Consequences of drinking from a poisoned well: violence, right-wing populism, and the complexities of worldviews

Dr. Daniel Jaster, Texas Tech University

Published on: October 10, 2022



Photo credit: Purestock/Francisco Cruz/SuperStock


Violence is never the answer. Until it is. Careful study of activists’ communications show how specific contexts may lead some to utilize terror. Bubbles of violence have recently percolated from the far-right. A supporter of former President Trump attacked an FBI office in Cincinnati, seemingly in response to the FBI’s collection of records from Mar-a-Lago. Boston Children’s Hospital received repeated bomb threats from far-right anti-transgender activists; similar threats plague historically black colleges and universities. January 6th seems archetypal, despite its contested label. I’ve previously argued that this violence should be understood as part of a cultural worldview. This thinkpiece is more structural: what conditions might make these actions plausible? Culture alone cannot explain it. Importantly, what might this mean for how we discuss and engage with these events and actors?


Right-wing populism’s ascent in the US is key: these activists focus on talking points from prominent far-right conservatives like former President Trump or those who follow in his vein. Ori Swed, Bruno Frère, and I recently published a paper on populism at Society. We argued that populism is a result of complex abstract systems taking over lifeworlds, or understandings based on shared lived experiences, prompting a desire to preserve or reassert the lifeworld. This leads to a return to an experience which more closely resembles a society bound by mechanical solidarity, one held together via similarity, not pluralistic interdependence. The theoretical link between populism and violence manifests: threats to mechanical solidarity are existential and can merit violent retribution. Experts may not understand the populist activists’ appeals because they come from fundamentally different lifeworlds and experiences: one grounded in abstract theories that cut across experiences; the other deeply rooted in shared lived experiences. One key implication: this foundation makes violent actions among certain populist groups more possible.


American right-wing populism exhibits these trends in their reaction to increasing globalized conceptual complexity dominating our worlds. Republicans are more likely to avoid counterattitudinal information than other partisan affiliates. Older data suggests that consistent conservatives are more likely than liberals to get their news from the same sources (e.g. Fox News), perhaps because they trust fewer new sources, and are more likely than liberals to report having friends with the same views as them. The foundation for the construction of a common lifeworld is laid: more conservative or right-wing groups are more likely to follow the same news sources and surround themselves with like-minded people. They have a more unified shared experience that can act as a mechanical social bond. Right-wing rhetoric has recently been particularly apocalyptic, painting America as under attack; at an existential crossroads debating the soul of a nation composed of different understandings and experiences. Many fear replacement. These appeals aim at conscience collective in all but name. Politicians and media pundits claim that those who do not understand the American experience are imposing their complex, alien beliefs on the authentic community. Abstract logics about gender, race, and jurisprudence attack authentic community members’ understandings of reality. Right-wing populists’ news systems and social networks confirm a shared sense of threat. Fewer news sources, using similar rhetoric about similar topics, and homogeneous networks facilitate populist supporters’ rejection of discrepant information. It is beyond one’s lived experience and the lived experiences of everyone one knows. The structure of the shared lifeworld is key here. Threat to a shared mechanical worldview often necessitates violence: it is legitimate to defend one’s sacred community. These themes manifest from officials and the media. In short: this sense of solidarity makes violence a plausible solution; when it is intimated, it is consequently more likely to seem acceptable.

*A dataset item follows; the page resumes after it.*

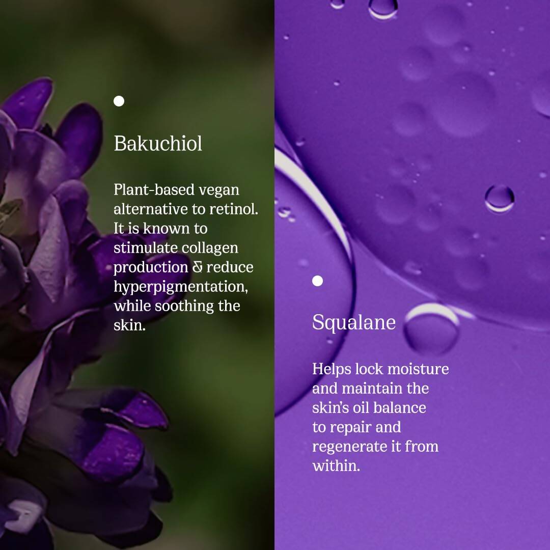 • Bakuchiol (bah.koo.chee.ole) is a plant-based derivative that is often called nature’s retinol. It helps to reduce the appearance of fine lines, improve skin’s elasticity, and restore its firmness. It is also known to refine skin texture and visibly improve skin tone.

Right-wing populists are accused of poisoning the well of American discourse, but their supporters aren’t empty vessels to be filled with fears of liquid modernity. You can lead a horse to water but you cannot make it drink. People consume media and construct networks based on their experiences and understandings: experts’ complex, abstract arguments don’t resonate with populists’ experiences or those whom they regularly interact with. Once implicit in the conscience collective, increasing manifestations of violence make sense when understood from this lived experience. A shared sense of threat abounds. It helps explain why support for populist candidates like Trump, floating signifiers of communities united in anger against outsiders or elites, remains despite the investigations. Importantly, attacking symbols of the mechanical community is paralleled with attacking the community itself. Elites’ attempts to communicate, to explain, and to dissuade violence are hindered: their evidence is obvious to them, rooted in abstract logics or unfamiliar lived experiences; far removed from those submerged in different lifeworlds. If you cannot communicate your ideas in a way which resonates with their lived experiences, the schism will remain. Violence is never the answer. Until it seems like it is. Context is everything, and the structure of our networks and media make communicating across contexts difficult.